### Assignment
Starting with the line below that holds "इस दौरान राज्यपाल" and stopping after the line that holds "ヒーロー風カッコイイあだ名 | 『仮面イチダー』『魔戒騎士イチ』 |", transcribe the lines exactly, leaving out all pictures.

### Exercise materials
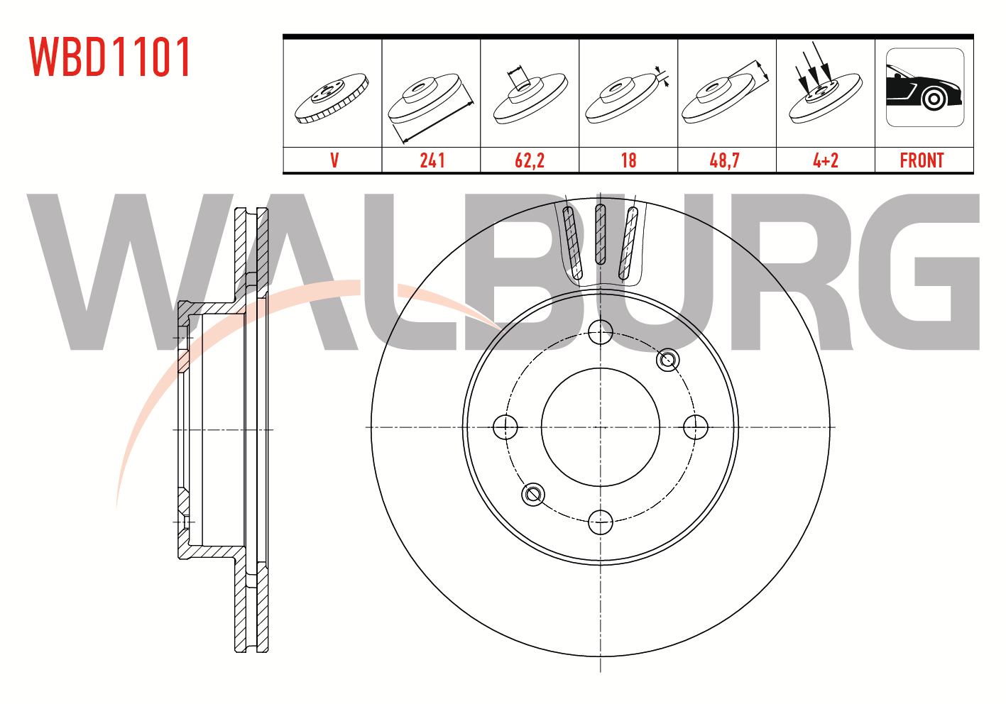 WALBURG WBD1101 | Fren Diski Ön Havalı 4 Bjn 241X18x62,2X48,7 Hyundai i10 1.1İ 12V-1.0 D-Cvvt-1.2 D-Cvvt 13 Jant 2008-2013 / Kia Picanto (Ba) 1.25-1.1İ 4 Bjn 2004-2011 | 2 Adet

* * *

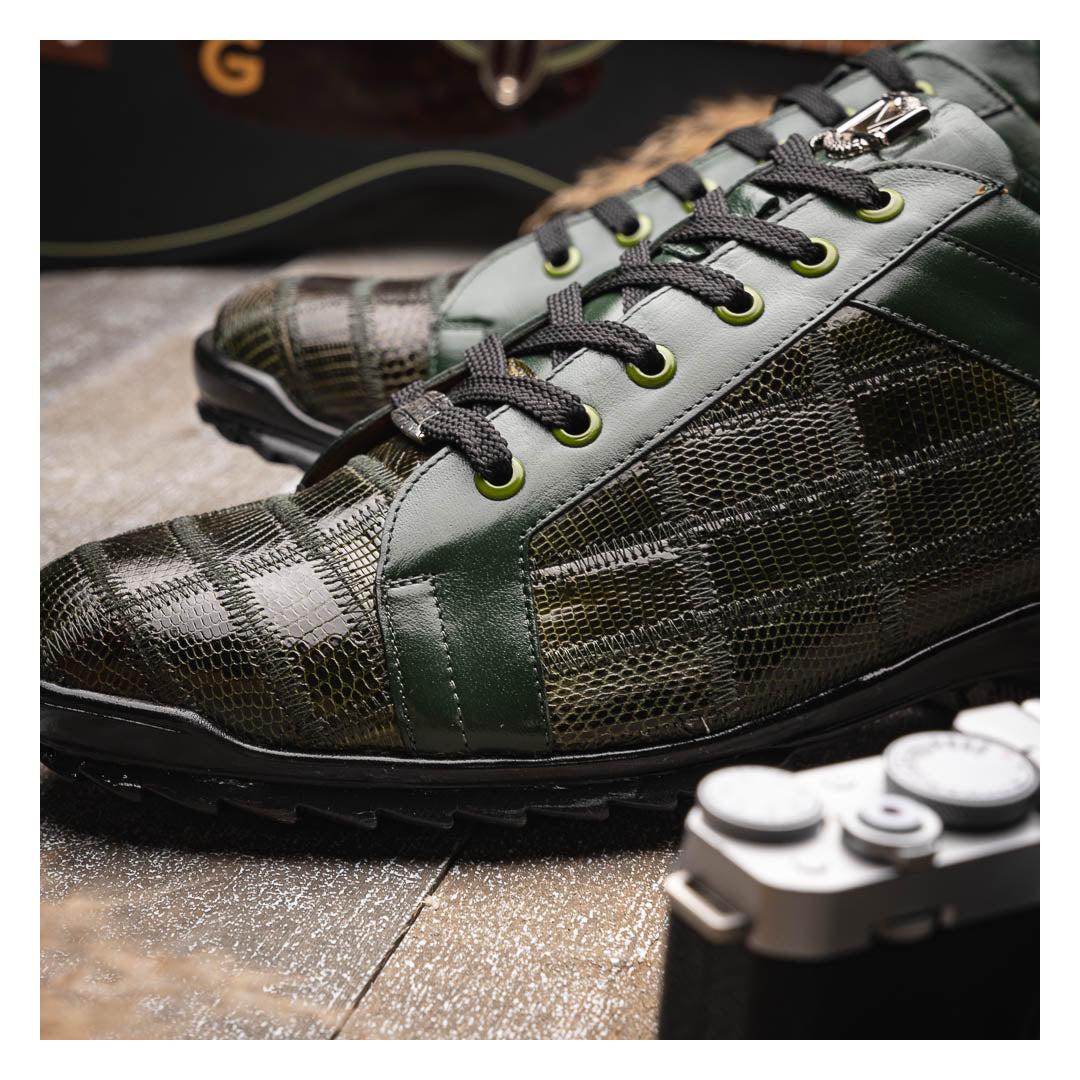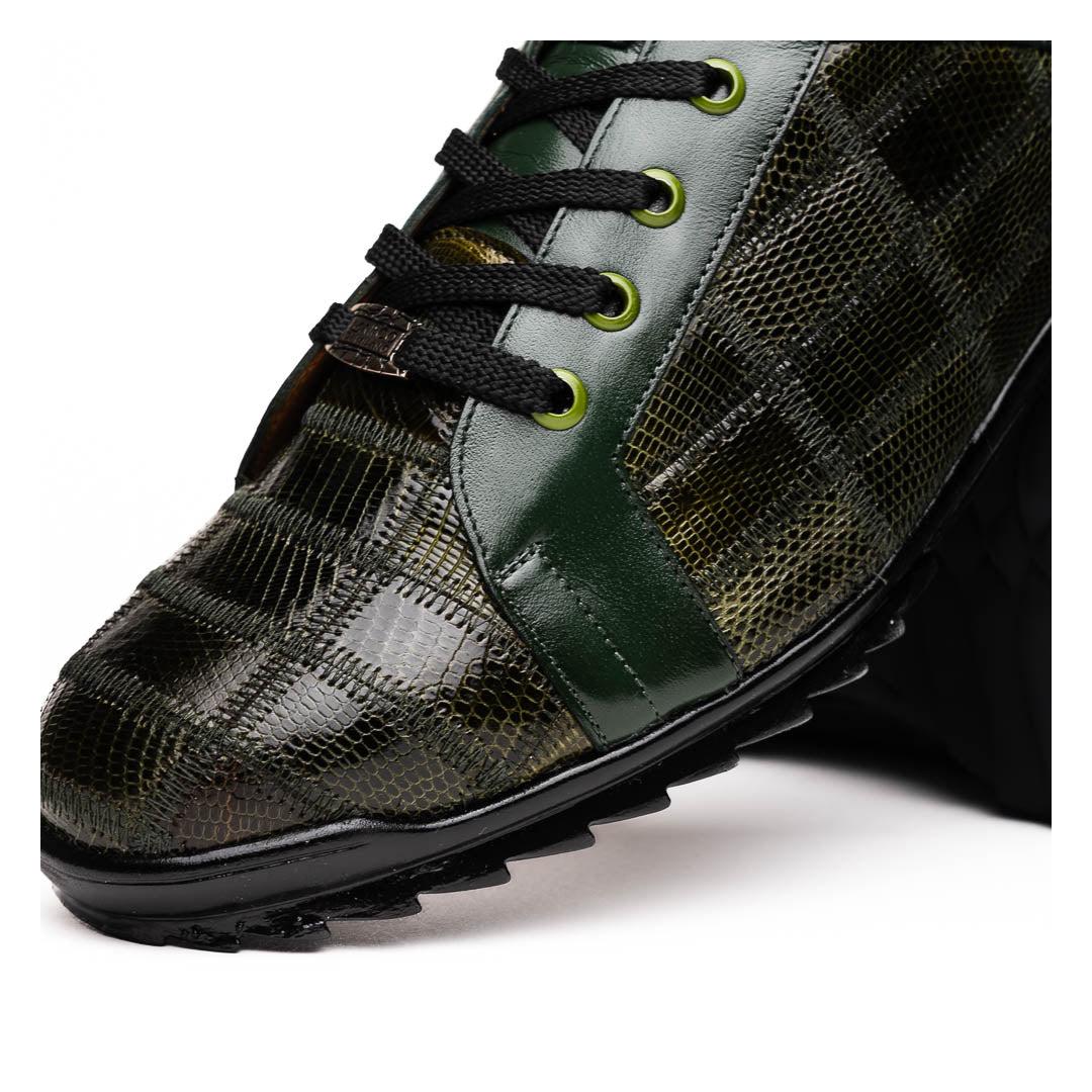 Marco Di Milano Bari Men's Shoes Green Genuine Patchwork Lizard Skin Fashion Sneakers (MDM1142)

...

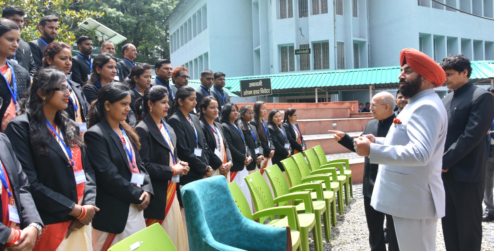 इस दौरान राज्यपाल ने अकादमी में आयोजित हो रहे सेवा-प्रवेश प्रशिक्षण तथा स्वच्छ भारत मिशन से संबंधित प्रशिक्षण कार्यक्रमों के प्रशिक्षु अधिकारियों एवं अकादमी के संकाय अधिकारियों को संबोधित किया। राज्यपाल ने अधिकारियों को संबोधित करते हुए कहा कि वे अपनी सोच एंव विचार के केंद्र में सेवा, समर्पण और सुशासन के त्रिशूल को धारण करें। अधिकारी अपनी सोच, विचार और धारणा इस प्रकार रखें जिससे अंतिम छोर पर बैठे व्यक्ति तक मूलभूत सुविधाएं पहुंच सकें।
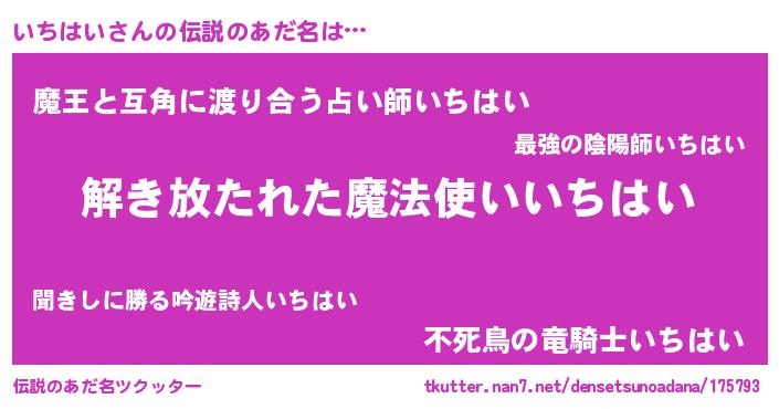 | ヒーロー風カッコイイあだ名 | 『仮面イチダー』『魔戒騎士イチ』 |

### Exercise output
 इस दौरान राज्यपाल ने अकादमी में आयोजित हो रहे सेवा-प्रवेश प्रशिक्षण तथा स्वच्छ भारत मिशन से संबंधित प्रशिक्षण कार्यक्रमों के प्रशिक्षु अधिकारियों एवं अकादमी के संकाय अधिकारियों को संबोधित किया। राज्यपाल ने अधिकारियों को संबोधित करते हुए कहा कि वे अपनी सोच एंव विचार के केंद्र में सेवा, समर्पण और सुशासन के त्रिशूल को धारण करें। अधिकारी अपनी सोच, विचार और धारणा इस प्रकार रखें जिससे अंतिम छोर पर बैठे व्यक्ति तक मूलभूत सुविधाएं पहुंच सकें।
 | ヒーロー風カッコイイあだ名 | 『仮面イチダー』『魔戒騎士イチ』 |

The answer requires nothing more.